= Debora Šijački =

Computational cosmologist

Debora Šijački is a computational cosmologist whose research involves computational methods for simulating the formation and development of the structures in the universe including galaxies, galaxy clusters, and dark matter, including collaborations in the Illustris project. Originally from Serbia, she was educated in Italy and Germany, and works in the UK as a professor at the University of Cambridge and deputy director of the Kavli Institute for Cosmology.

==Education and career==
Šijački is originally from Belgrade, the daughter of Serbian physicist Đorđe Šijački, and grew up in Belgrade. She was an undergraduate at the University of Padua in Italy, and completed a Ph.D. at LMU Munich in Germany in 2007 for research performed at the Max Planck Institute for Astrophysics. Her dissertation, Non Gravitational Heating Mechanisms in Galaxy Clusters, was jointly supervised by Volker Springel and Simon White.

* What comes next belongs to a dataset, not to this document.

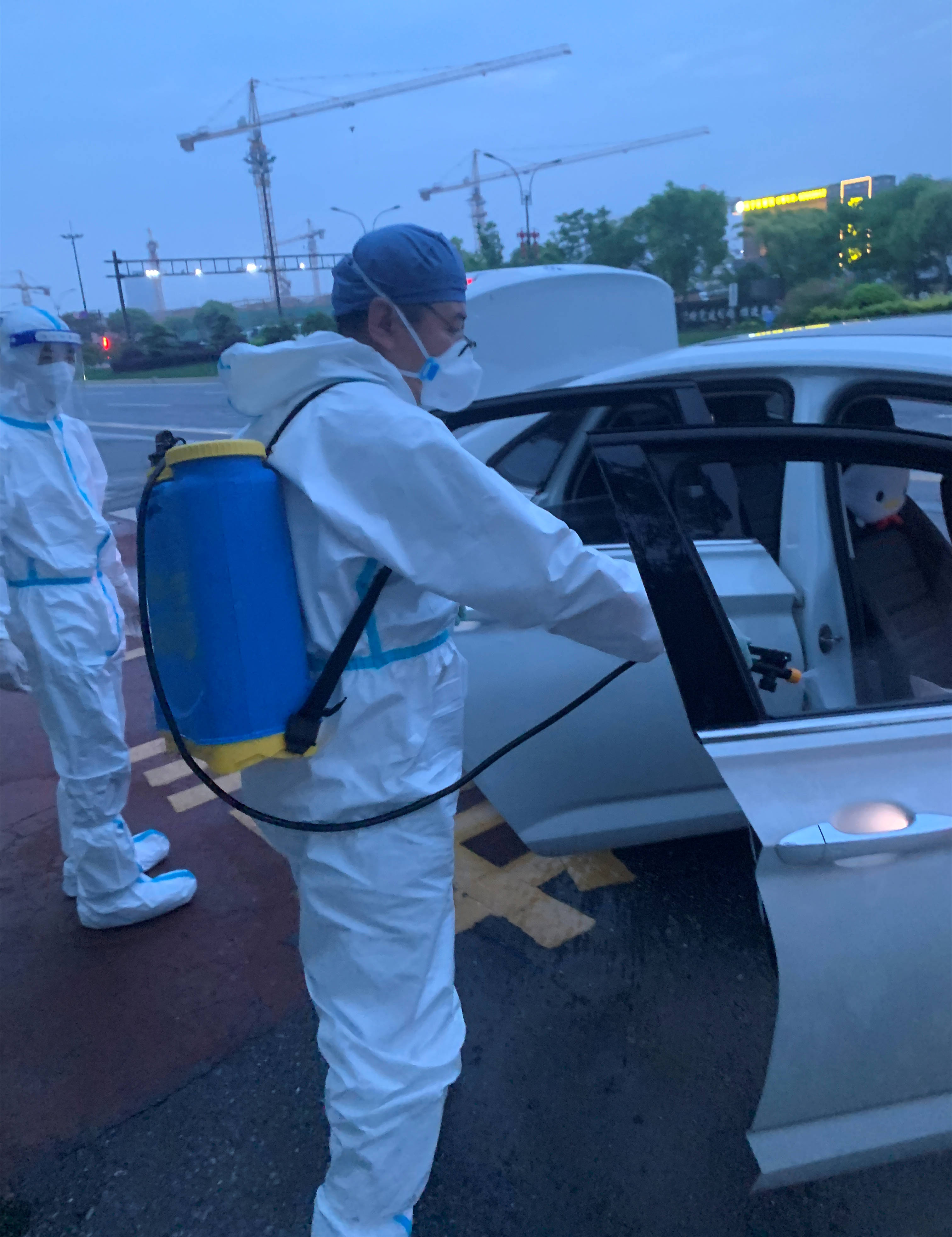 在這場(chǎng)疫情防控阻擊戰(zhàn)中,身披“戰(zhàn)甲”,肩背“霧器”的他,雖然沒(méi)有醫(yī)護(hù)人員那么引人注目,但卻不辱使命,不負(fù)重托。截止23日,他已對(duì)數(shù)百車(chē)輛、人員進(jìn)行了消殺,及時(shí)有效切斷了病毒傳播鏈,筑起了一道堅(jiān)實(shí)的防御屏障。

She came to the University of Cambridge from 2007 to 2010, as a postdoctoral researcher in the Institute of Astronomy. After continued postdoctoral research from 2010 to 2012 in the US at the Harvard–Smithsonian Center for Astrophysics, she returned to the Cambridge Institute of Astronomy in 2013 as a university lecturer. She became Reader in Astrophysics and Cosmology in 2016, and Professor of Astrophysics and Cosmology in 2021.

==Recognition==
Šijački received the Otto Hahn Medal for her doctoral research. She was the 2019 recipient of the Ada Lovelace Award for High Performance Computing of the Partnership for Advanced Computing in Europe (PRACE), recognizing her "numerous high-impact results in astrophysics based on numerical simulations on state-of-the-art supercomputers".